Mijn totale vooruitgang sinds dat jaar is ongeveer 90%. Ik heb aanzienlijke zintuiglijke tekorten in mijn handen, benen en voeten en kan de activering van een paar grote spiergroepen nog steeds niet voelen. Ik kan lopen en zelfs een beetje rennen, maar met een loopstoornis die meer overheerst bij extreme kou. Ik werkte met een personal trainer om weer op krachten te komen en begon met yoga voor balans in de eerste jaren na de ziekte. Beide dingen kan ik niet genoeg aanbevelen. Ik heb echter enkele van de grootste beloningen gevonden in Braziliaans jiujitsu (Uha, Gracie Barra!!). Door TM ontbrak het me aan snelheid, balans, spiermassa en coördinatie, en deze op grappling gebaseerde sport heeft me geholpen me veiliger te voelen als ik alleen of met mijn kinderen (die ook trainen) op pad ben. Het beste van alles is dat jiujitsu bijna volledig op de grond is gebaseerd, dus vallen hoort er eigenlijk bij! Ik ontving nederig en dankbaar mijn blauwe band in mei 2018, de grootste fysieke prestatie die ik in 10 jaar had behaald.

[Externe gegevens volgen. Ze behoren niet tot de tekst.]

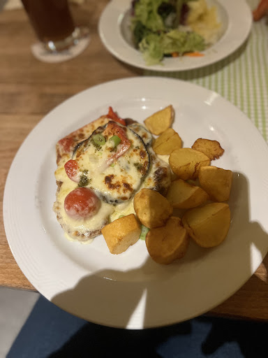 Essen geschmacklich zumindest für mich, sehr fad. Das Lombardie schmeckte nur nach Käse. Die Kartoffel ungewürzt. Gemüse halt wie Gemüse schmeckt. Rostbraten war gut, Soße war ok. Kässpätzle auch gut. Beilagensalat zu fade und das Dressing fast nicht vorhanden. Schade, aber vielleicht hatten wir einfach Pech. Sicherlich werden wir mal wieder kommen, die Qualität der Produkte war...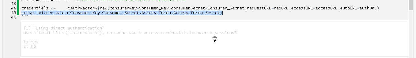 api_key <- "YOUR API KEY" api_secret <- "YOUR API SECRET" access_token <- "YOUR ACCESS TOKEN" access_token_secret <- "YOUR ACCESS TOKEN SECRET" setup_twitter_oauth(api_key,api_secret) |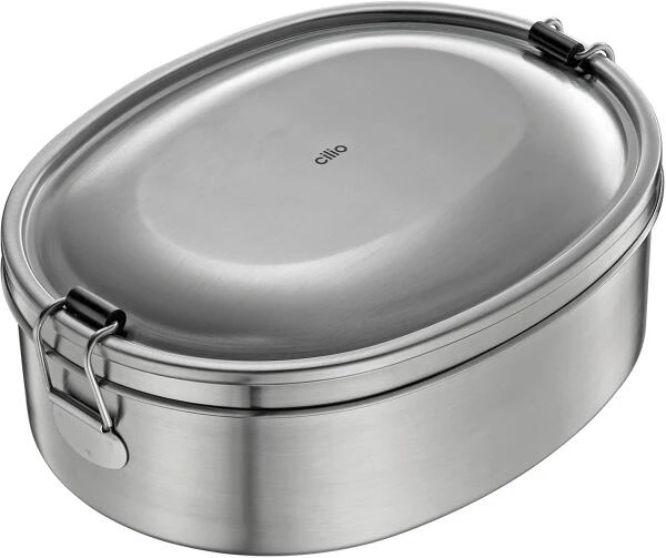 Robuste Lunchbox von cilio aus satiniertem Edelstahl. Stilvoll, praktisch und gesund unterwegs.

Ik heb veel van de pijnlijke details van dit verhaal weggelaten, inclusief de derde keer dat ik huilde, in naam van de beknoptheid. Ik deel het graag als iemand het individueel wil horen. Tot slot wil ik mijn meest oprechte gedachte uit deze ervaring delen: ik heb nooit gevraagd "waarom ik". Want als ik het niet ben, wie dan wel? Mijn dochter? Mijn man? Mijn mama of papa? Echt niet. Ik was en ben nog steeds blij om de last te dragen als het op de een of andere manier betekende dat iemand anders van wie ik hield dat niet deed. Bovendien zijn mijn vastberadenheid en vastberadenheid voor uitdagingen ontembaar geworden en ik koos ervoor om mijn TM te bedanken voor het feit dat ze me een dankbaarder perspectief op het leven hebben gegeven.